Priscila Bonato Galhardo* (Laboratório de Estudos sobre o Desenvolvimento e Aprendizagem, Departamento de Psicologia da Aprendizagem, do Desenvolvimento e da Personalidade, Instituto de Psicologia da Universidade de São Paulo (USP), São Paulo – SP, Brasil; Guilherme Elias da Silva (Laboratório Interinstitucional de Subjetividade e Trabalho, Departamento de Psicologia da Universidade Estadual de Maringá (UEM), Maringá – PR, Brasil.

contato: priscilabonatogalhardo@gmail.com

Palavras-chave: Gestão estratégica. Saúde mental. Psicossociologia.
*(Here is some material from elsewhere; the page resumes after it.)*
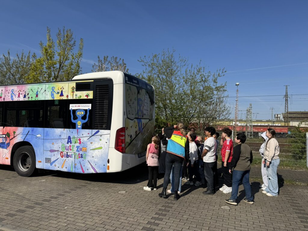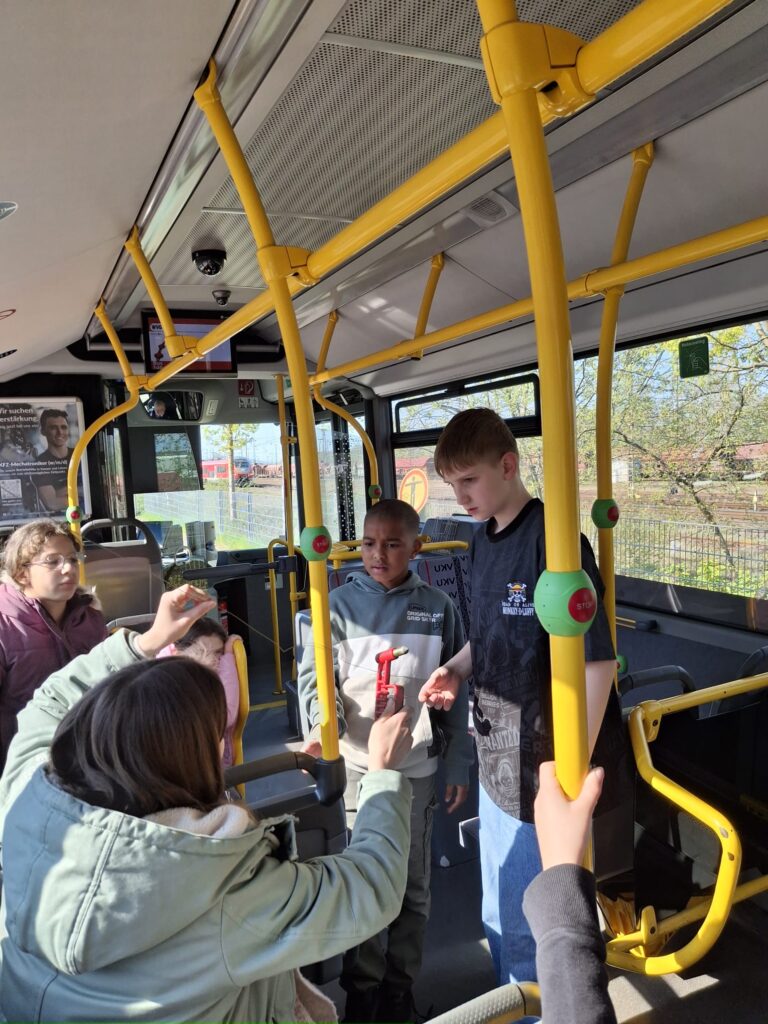 Im Rahmen der Busschule lernten unsere Viertklässler den richtigen und sicheren Umgang mit dem Bus kennen. Dabei übten sie, wie man sich an der Haltestelle und beim Einsteigen richtig verhält und worauf während der Fahrt zu achten ist. So wurden die Kinder gut auf ihren Schulweg mit dem Bus vorbereitet.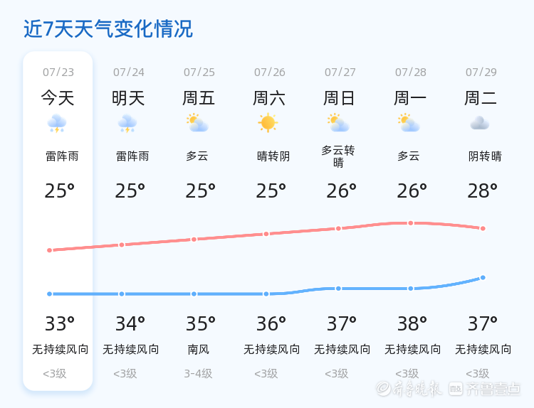 今天是7月23日,农历六月廿九,星期三。德州市今天以雷阵雨天气为主,气温在25℃至33℃之间。目前气温23.7℃,湿度98%,PM2.5指数23,空气质量良好。各区天气情况基本一致,均为雷阵雨天气,风力较小,南风1级。

Entender sobre gestão possui relevância no que concerne ao modelo de administração que as organizações foram adotando ao longo do tempo. Gestão trata-se de um sistema de organização de poder, que se pauta em um conjunto de técnicas, designadas a racionalizar e otimizar o funcionamento das organizações. É um sistema que se transforma no decorrer do processo histórico. Exemplo disso são as transformações referentes às modalidades de exercício e a própria natureza do poder gestionário entre a organização científica do trabalho e o gerenciamento das empresas multinacionais (Chanlat, 2011).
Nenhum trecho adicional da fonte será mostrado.